Interaction of the major inflammatory bowel disease susceptibility alleles in Crohn's disease patients

Abstract

Aim: To investigate the interaction of interleukin-23 receptor (IL23R) (rs1004819 and rs2201841), autophagy-related 16-like 1 (ATG16L1) (rs2241880), caspase recruitment domain-containing protein 15 (CARD15) genes, and IBD5 locus in Crohn's disease (CD) patients.

Methods: A total of 315 unrelated subjects with CD and 314 healthy controls were genotyped. Interactions and specific genotype combinations of a total of eight variants were tested. The variants of IBD5 locus (IGR2198a_1 rs11739135 and IGR2096a_1 rs12521868), CARD15 (R702W rs2066845 and L1007fs rs2066847), ATG16L1 (rs2241880) and IL23R (rs1004819, rs2201841) genes were genotyped by PCR-RFLP, the G908R (rs2066844) in CARD15 was determined by direct sequencing.
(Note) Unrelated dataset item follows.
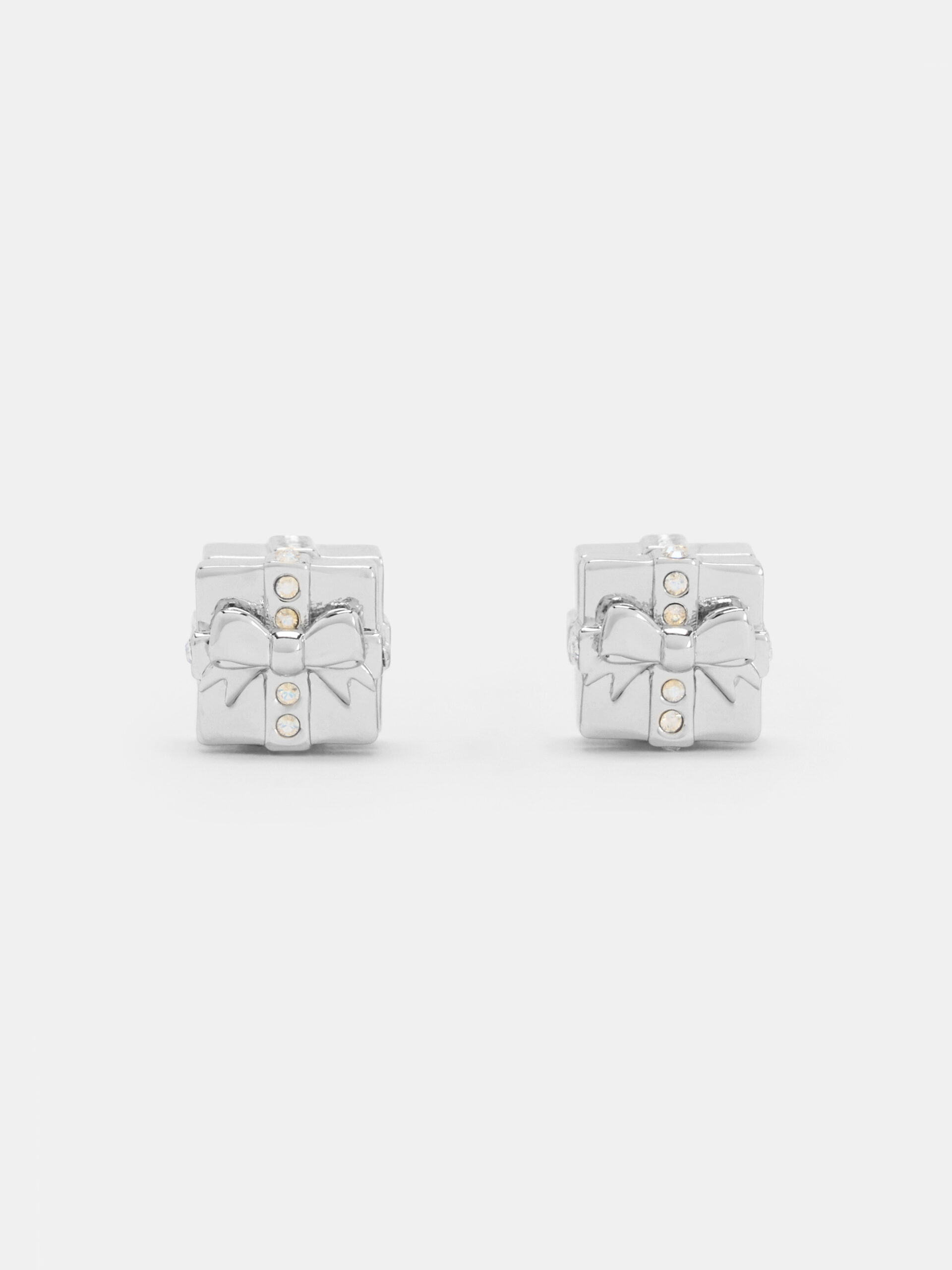 These Athalia stud earrings in silver feature crystal-embellished gift-box motifs and a polished finish. Let them elevate monochromatic ensembles with their cool-tone shine and understated festive charm during the year-end season.

Results: The association of ATG16L1 T300A with CD was confirmed [P = 0.004, odds ratio (OR) = 1.69, 95% CI: 1.19-2.41], and both IL23R variants were found to represent significant risk for the disease (P = 0.008, OR = 2.05, 95% CI: 1.20-3.50 for rs1004819 AA; P < 0.001, OR = 2.97, 95% CI: 1.65-5.33 for rs2201841 CC). Logistic regression analysis of pairwise interaction of the inflammatory bowel disease (IBD) loci indicated that IL23R, ATG16L1, CARD15 and IBD5 (IGR2198a_1) contribute independently to disease risk. We also analysed the specific combinations by pair of individual ATG16L1, IL23R rs1004819, rs2201841, IGR2198a_1, IGR2096a_1 and CARD15 genotypes for disease risk influence. In almost all cases, the combined risk of susceptibility pairs was higher in patients carrying two different risk-associated gene variants together than individuals with just one polymorphism. The highest OR was found for IL23R rs2201841 homozygous genotype with combination of positive CARD15 status (P < 0.001, OR = 9.15, 95% CI: 2.05-40.74).

Conclusion: The present study suggests a cumulative effect of individual IBD susceptibility loci.